Тусмана до слез обидело подозрение, высказанное его школьным товарищем, которого он изо всех сил старался разубедить.
Выражение лица коммерции советника становилось все строже и строже. Наконец, видя, что Тусман не перестает настаивать и уверять, будто все случившееся с ним сущая правда, коммерции советник не выдержал:
- Послушай, правитель, чем я больше думаю над твоим рассказом о золотых дел мастере и о старом еврее, с которыми ты, вопреки своей приверженности к добродетели и умеренной жизни, пировал поздно ночью, чем больше я над этим думаю, тем больше прихожу к убеждению, что тот еврей - просто-напросто мой старый знакомец Манассия, а чернокнижник и золотых дел мастер не кто иной, как золотых дел мастер Леонгард, который время от времени появляется в Берлине. Я, правитель, правда, не прочел столько книг, как ты, но я и без них знаю, что оба - и Манассия, и Леонгард - самые обыкновенные честные люди и никакие не чернокнижники. Мне просто удивительно, правитель, как это ты, будучи осведомлен по части законов, не знаешь, что суеверие строжайше запрещено и что чернокнижнику ни за что не выправить ремесленного свидетельства, на основании которого он мог бы заниматься черной магией. Слушай, правитель, я не хочу думать, что возникающее сейчас у меня сомнение основательно. Да, я не хочу думать, что ты потерял желание взять в супруги мою дочь! Что ты выдумываешь всякую чертовщину и морочишь меня, а все для того, чтобы сказать: "Коммерции советник, придется нам раззнакомиться, потому что, если я женюсь на твоей дочери, черт украдет у меня обе ноги и насажает на спину синяков!" Ежели это так, правитель, то очень нехорошо с твоей стороны прибегать ко лжи и обману.

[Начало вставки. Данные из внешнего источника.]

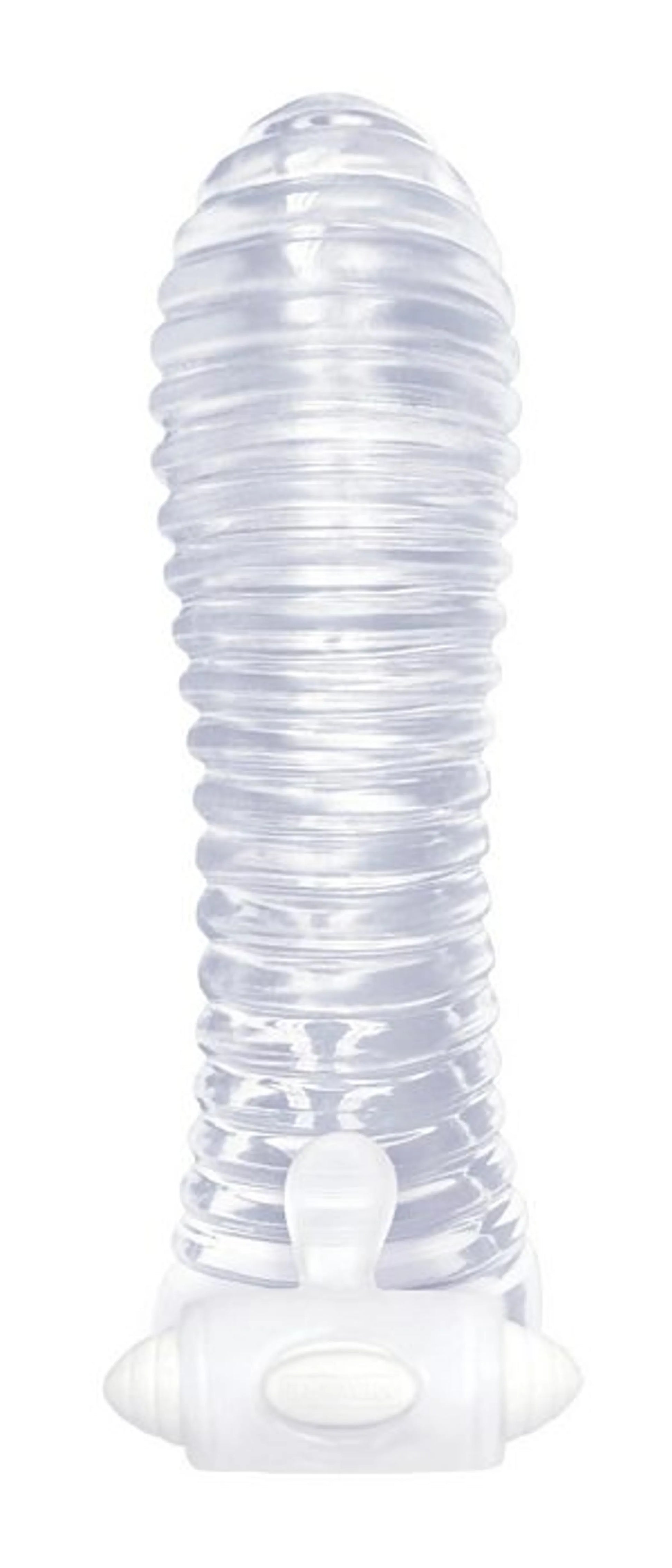 The Nines Vibrating Sextenders Ribbed from Icon Brands. These cool looking extenders come in three unique styles, and each is a generous 5.5 inches long. In a sexy smokey gray, they swirl, nub, rib and more, and add size and sensation to sex, at a sensationally affordable price. Amazingly textural sensations nightly. What could be more fun! Imale power bullet. Vibrating sleeve. One size fits most. Sleeve material Thermoplastic Rubber TPR, Bullet vibrator material ABS Plastic. Vibrating bullet requires 2 AG3 batteries, included.
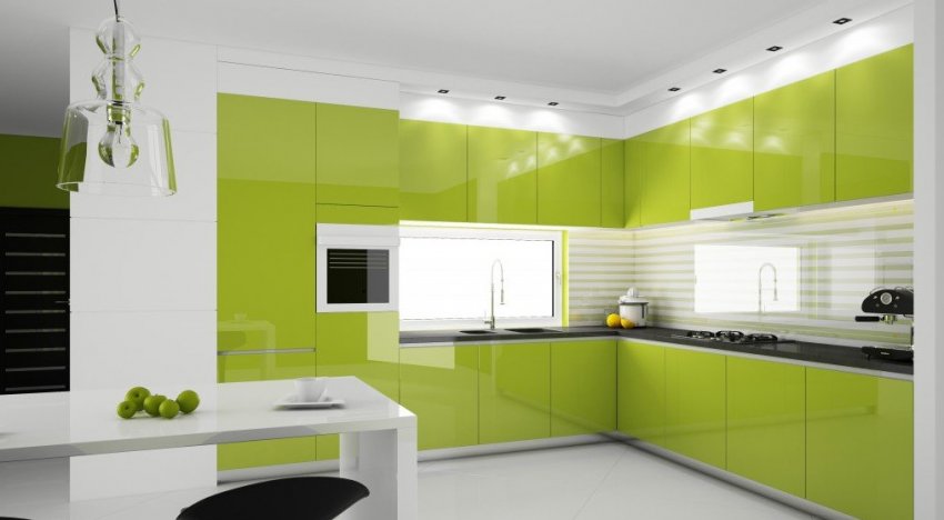 Правила оформления кухни в зелёном цвете
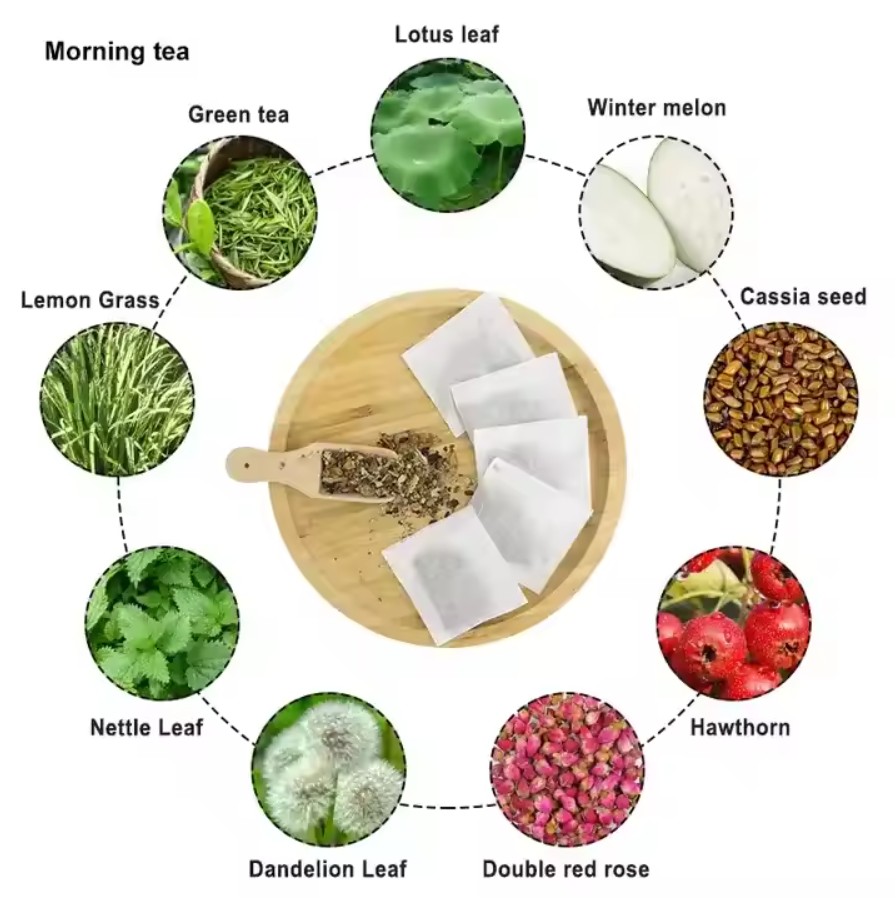 NATURAL INGREDIENTS - MCT oil, Lotus leaf, Winter melon, Cassia seed, Hawthorn, Double red rose, Dandelion Leaf, Nettle Leaf, Lemon Grass, Green tea. Our teas are made from 100% natural ingredients, no scary chemicals. It won't make you run to the restroom like Senna.

Тяжелое обвинение коммерции советника окончательно расстроило Тусмана. Он все снова и снова клялся, что пламенно любит Альбертину и не отречется от своей любви, что он, подобно Леандру и Троилу, ради нее го-(*241)тов на смерть и добровольно примет мученическую кончину, подставив спину проклятому дьяволу, насажавшему на нее синяков.
Тусман не окончил еще своих клятв, как раздался сильный стук в дверь и в комнату вошел старый Манассия, о котором только что упоминал коммерции советник.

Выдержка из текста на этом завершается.